The downside to this auction is the "winner's curse," which Rackspace discusses in its S-1 filing. Because the price is unknown until the end, winners might think they paid too much and will unload shares to limit losses. And the people who underbid will see this and steer clear. Rackspace warns investors that the stock could see a "significant decline" in value shortly after the IPO.

Let's take a quick look at Rackspace's financials. The company has averaged 59% revenue growth over the last five years, reaching $362 million last year. It's on track to beat that figure handily this year, reporting $120 million in revenue for the first quarter of 2008.

Rackspace brings in small profits every year, with $18 million in net income last year. The company has about $145 million in interest-bearing debt and $28 million in cash.

The company expects to get $163 million in the offering, which it wants to spend on growth plans and general purposes. Part of that money could go to the $160 million construction of its corporate headquarters in San Antonio.

Rackspace definitely has its critics. Customers expect consistent, always-on service, and when servers go down there's hell to pay. Web companies Tumblr and 37signals were upset when Rackspace suffered outages earlier this year.

Comments

 

You're right- dutch auctions are a pain in the neck! And we all need to understand that there is a real reason they're doing it this way. Chances are, especially if there are a pretty large number of investors, many people are going to pay too much for Rackspace stock; and when that happens, they may be in for a ride as it has a good chance of seeing a quick drop shortly thereafter.

In my opinion, not a good idea. Stay away! http://www.financialnut.com

Hey Cousin,

Thought this might be of interest to you. We're still  goint to move forward on this.

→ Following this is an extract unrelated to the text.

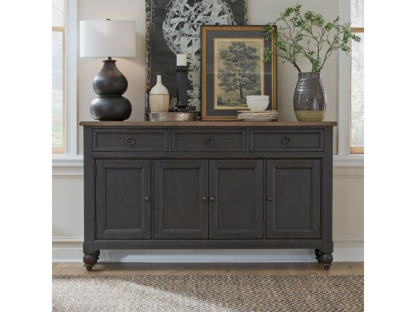 The Americana Farmhouse hall buffet, with a dusty taupe top and weathered black base, features three full extension felt-lined drawers and four framed doors. It includes one adjustable shelf behind each door, crafted from Poplar and Rubberwood solids.

Valid points, but keep in mind that using this method the all of the proceeds from the sale of the stock (less underwriting expenses) go to the company and not to "friends" of the underwriters who flip the stock for the difference between the initial offering price (purposefully set a little on the low side to make sure it all sells) and the price it actually trades for (its market price).  Also, the offering materials indicate that all of the major current shareholders are holding on to their stock and are in it for the long haul.